───── Data shown

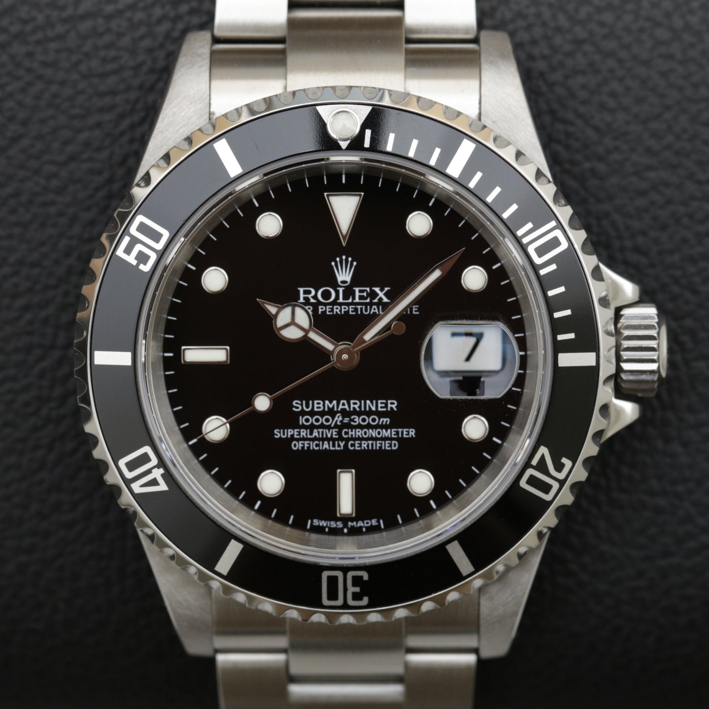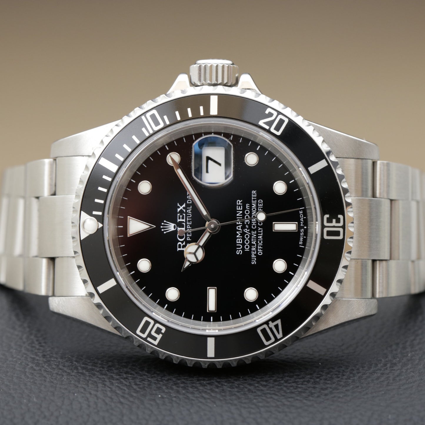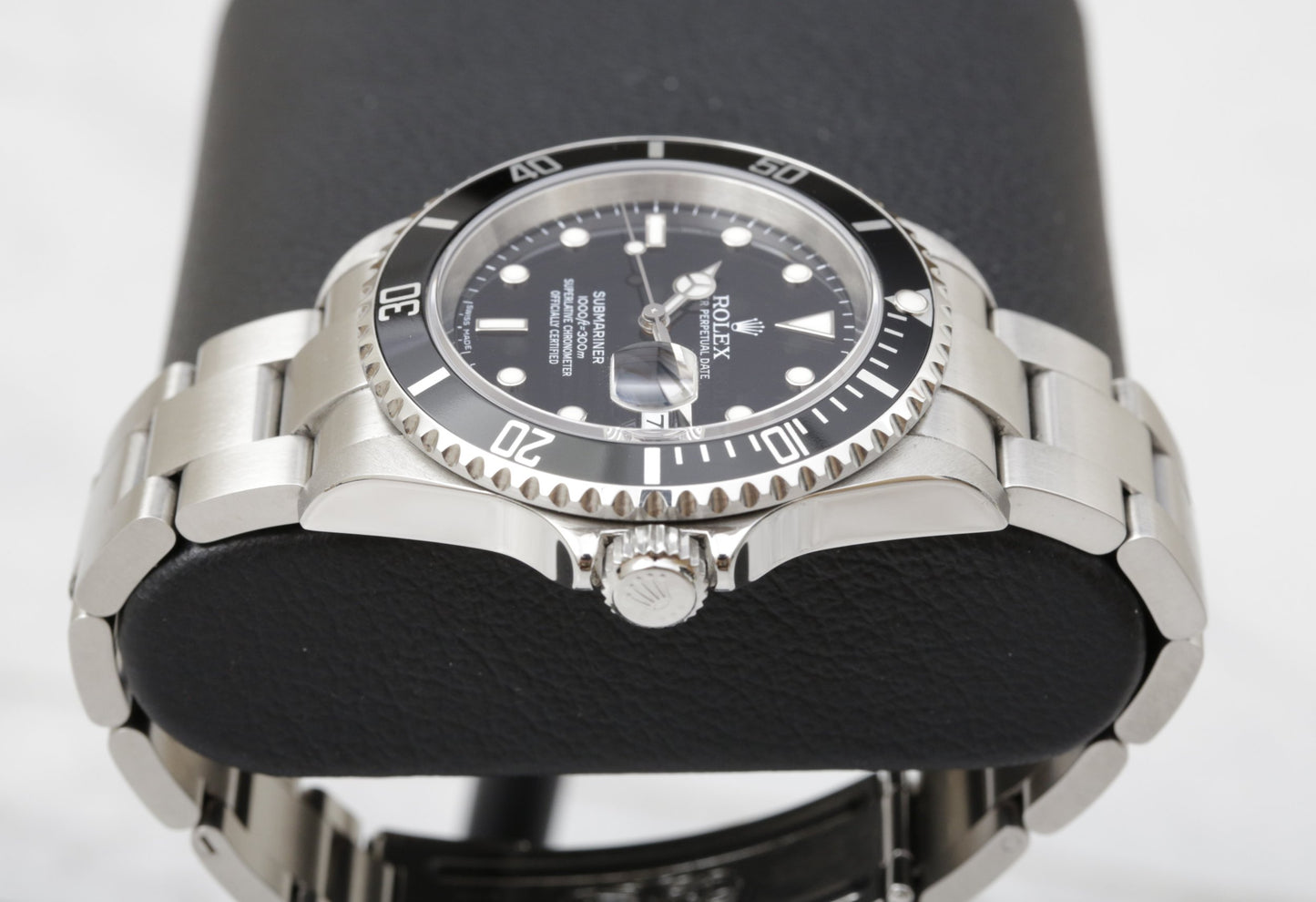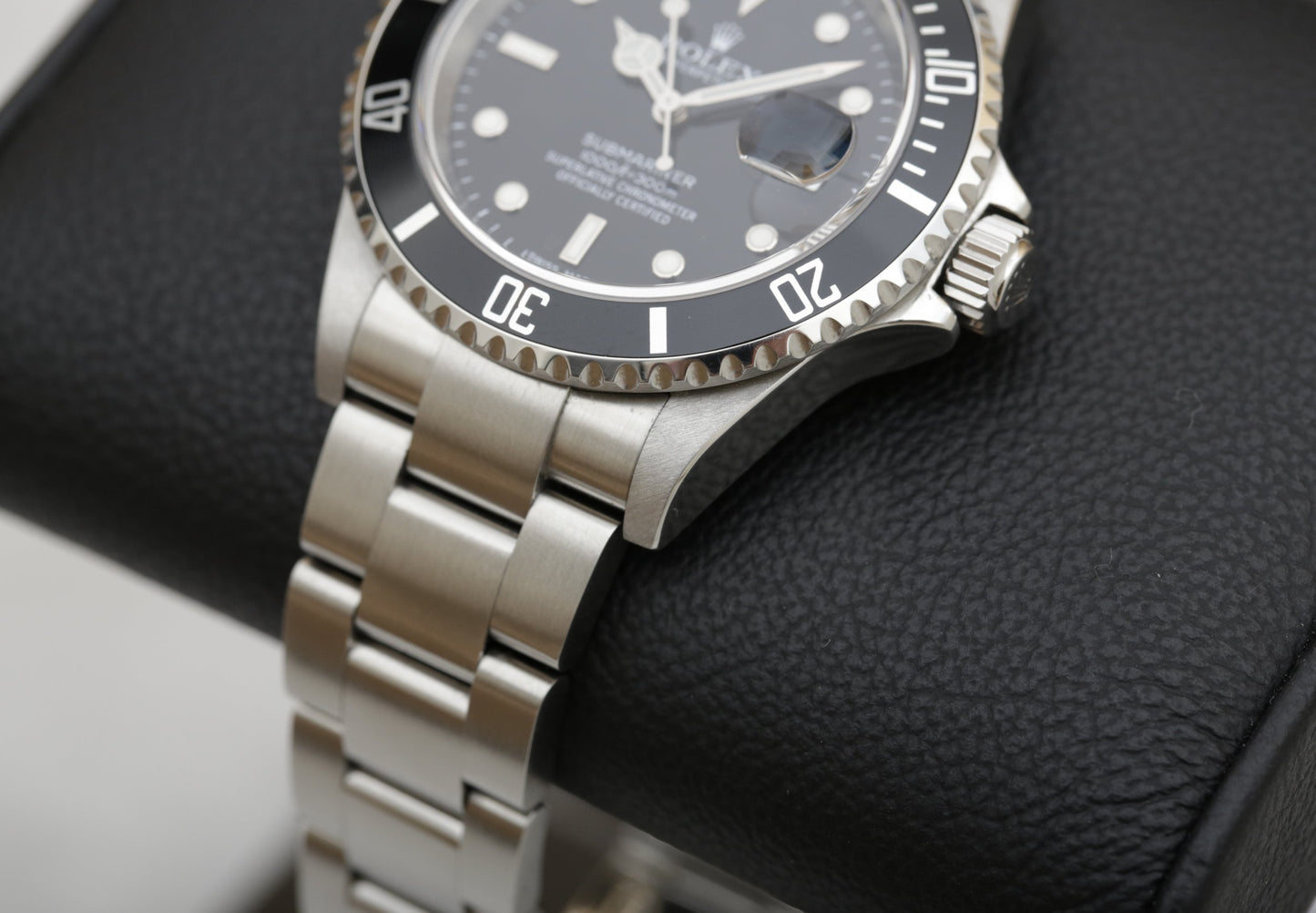 This Rolex Submariner 16610LN, D-series, from 2005, is in very good overall condition with a sharp case. The watch was serviced by a Rolex Authorised Dealer in 2022, ensuring optimal performance and longevity. It features the classic black dial and bezel, with the reliable Caliber 3135 movement inside.
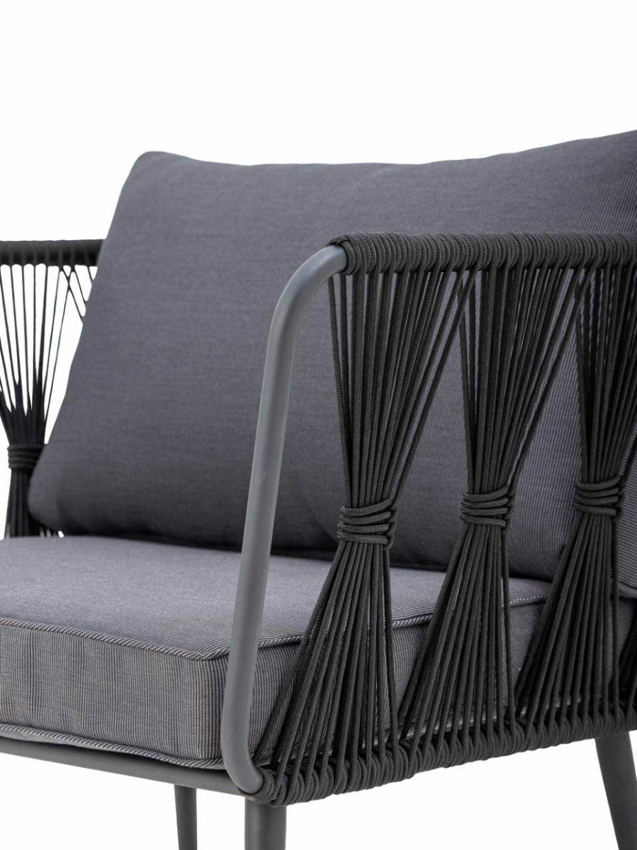 Pavone Loungestolen fra Bloomingville er designet med et let nordisk look og smukke detaljer. Den er lavet af pulverlakeret sort metal med lysebrunt polyesterreb håndvævet på stellet. De matchende beigebrune pudebetræk er lavet af polyester og kan vaskes ved 30 grader. Havestolen er velegnet til alle udendørsarealer, men ved at beskytte sofaen mod direkte sollys forlænges stoffets farve og sofaens holdbarhed. Nyd en smuk udendørs loungestol med høj komfort.
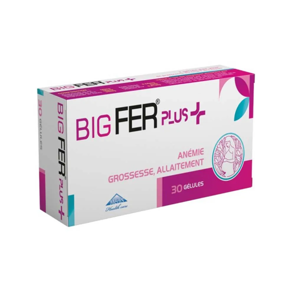BigFer Plus, avec sa formule adaptée pour la femme enceinte avec le Fer, le zinc, le cuivre mais surtout la vitamine B9…
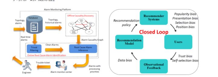 会议期间会议组委会,北京大学和华为诺亚方舟实验室共同组织了此次因果竞赛。此次竞赛分为两个赛道。赛道1的目标是从连续时间事件型数据中发现因果关系。事件型数据在实际应用中会经常遇到,例如监测电信系统是否正常运行的报警记录。学习报警之间的因果关系可以用来识别根因报警,从而帮助快速定位系统的实际故障。赛道2则关注用户的偏好预测。实际中,每部电影通常都会有一定的描述性标签。参赛者基于关联数据(电影的标签)和因果数据(用户标明他喜欢某部电影的原因标签)建模,并纠偏有偏的推荐数据(用户选择偏置、前序模型偏置等),学习用户的兴趣标签。
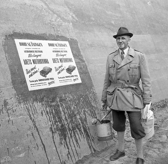 Enligt notering: "Bohusläningens vaktmästare Pronner? klistrar affischer 27-4-56".

──────────

• **Work instruction**: Copy exactly the lines that run from the line containing "会议期间会议组委会,北京大学" to the end of the data, keeping both end lines and dropping every picture.

• **Solution**:
 会议期间会议组委会,北京大学和华为诺亚方舟实验室共同组织了此次因果竞赛。此次竞赛分为两个赛道。赛道1的目标是从连续时间事件型数据中发现因果关系。事件型数据在实际应用中会经常遇到,例如监测电信系统是否正常运行的报警记录。学习报警之间的因果关系可以用来识别根因报警,从而帮助快速定位系统的实际故障。赛道2则关注用户的偏好预测。实际中,每部电影通常都会有一定的描述性标签。参赛者基于关联数据(电影的标签)和因果数据(用户标明他喜欢某部电影的原因标签)建模,并纠偏有偏的推荐数据(用户选择偏置、前序模型偏置等),学习用户的兴趣标签。
 Enligt notering: "Bohusläningens vaktmästare Pronner? klistrar affischer 27-4-56".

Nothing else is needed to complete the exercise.